Jako że zwykle mamy mało czasu to jeżdżę z rodzinką do Nałęczowa (tak w pół drogi z Lublina do Kazimierza), głównie sanatoria, emeryci i rodziny z dziećmi, poza tym cisza, spokój. Polecam
Janowiec 2008 r.
: 26 cze 2011, 23:32
autor: cichy
Chciałem wam pokazać Janowiec. Tak jak sobie myślę była to nasza pierwsza wyprawa Linką w okresie letnim 2008 roku i od tego się zaczęły nasze wyprawy. Okolice są warte zwiedzania, te widoki zwłaszcza z samego zamku w Janowcu jak sami zobaczycie na filmiku.
[youtube][/youtube]
: 27 cze 2011, 10:13
autor: Jery
Rzeczywiście po obejrzeniu Twego filmu zachęciłeś mnie do odwiedzenia tego miejsca. Planowałem odwiedzić Lublin, Chełm, może Zamość, zahaczę również o Janowiec
A co powiecie o walorach turystycznych Kazimierza Dolnego ? Bo słyszałem wiele kontrowersji na jego temat.
: 27 cze 2011, 11:21
autor: kylo
Kazimierz Dolny to zależy co się chce robić, jak zwiedzać to wystarczy 1 dzień (Muzeum Sztuki Złotniczej, Kamienica Celejowska itd chyba to łącznie występuje pod nazwą Muzeum Nadwiślańskiego, zamek w Janowcu, kościół farny, "rejs" po Wiśle barką przerobioną na statek wikingów albo piracki, ewentualnie czymś w rodzaju weneckiej gondoli, góra 3 krzyży - wstęp płatny, jakieś ruiny w samym Kazimierzu), obowiązkowo zakup koguta kazimierskiego z piekarni Sarzyńskiego (dużo podróbek i ogólnie awantura o patent). Dla chętnych przejażdżki terenówką po kamieniołomach. Miasteczko nastawione na turystów ze wszystkimi tego plusami (dużo knajp, restauracji, atrakcji dla dzieci, parkingów - przy każdej posesji jest parking, miejsc noclegowych itd) i minusami (ceny dla turystów, a płaci się za wszystko). Ciekawie jest w czasie Festiwalu Filmów i Festiwalu Artystów i Kapel Ludowych, ale wtedy jest też masa "warszawki" i nie tylko. Generalnie dużo przyjeżdża tam Warszawiaków, może snobizm, nie wiem. Dłuższy wypoczynek w Kazimierzu odbyłem 1 raz, chyba ze 3 noclegi około 3-4 km od centrum, dość nudno było.
: 21 lut 2012, 7:30
autor: cichy
Informacja dla kolegów z regionu i okolic Chełma, Puław i Lublina.

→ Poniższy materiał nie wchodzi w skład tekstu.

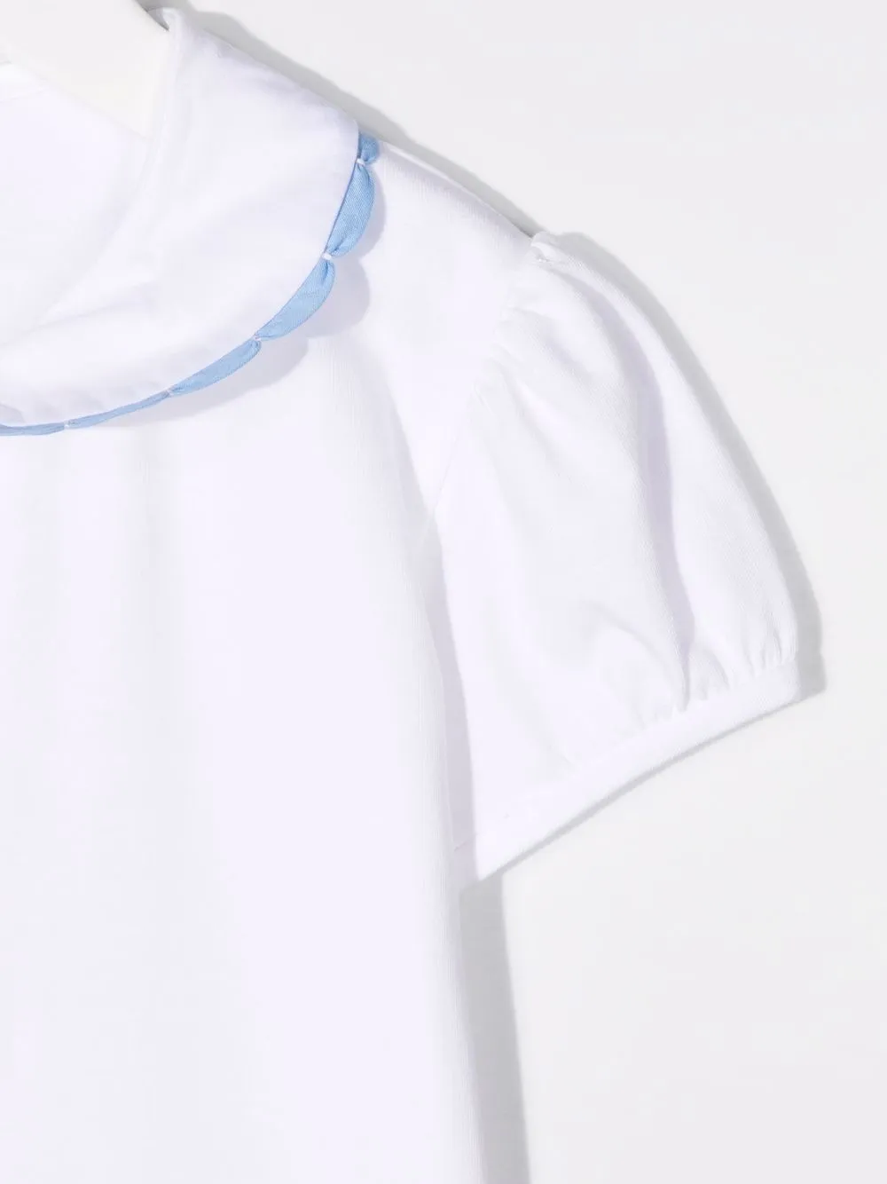 Контрастная отделка, воротник Питер Пэн, планка на пуговицах спереди и короткие рукава.

emmer, Dobre to jest na Placu Litewskim a ten pierwszy po lewej w dzień w dzień się szwenda po starówce, bardzo często go widzę idąc do pracy.
: 26 kwie 2012, 9:26
autor: mwas
pawe1_c pisze:ten pierwszy po lewej w dzień w dzień się szwenda po starówce, bardzo często go widzę idąc do pracy
pawe1_c, mam nadzieję, że go przypadkiem nie "sponsorujesz" Oczywiście w sensie: "szefuniu, poratujesz złotóweczką ?"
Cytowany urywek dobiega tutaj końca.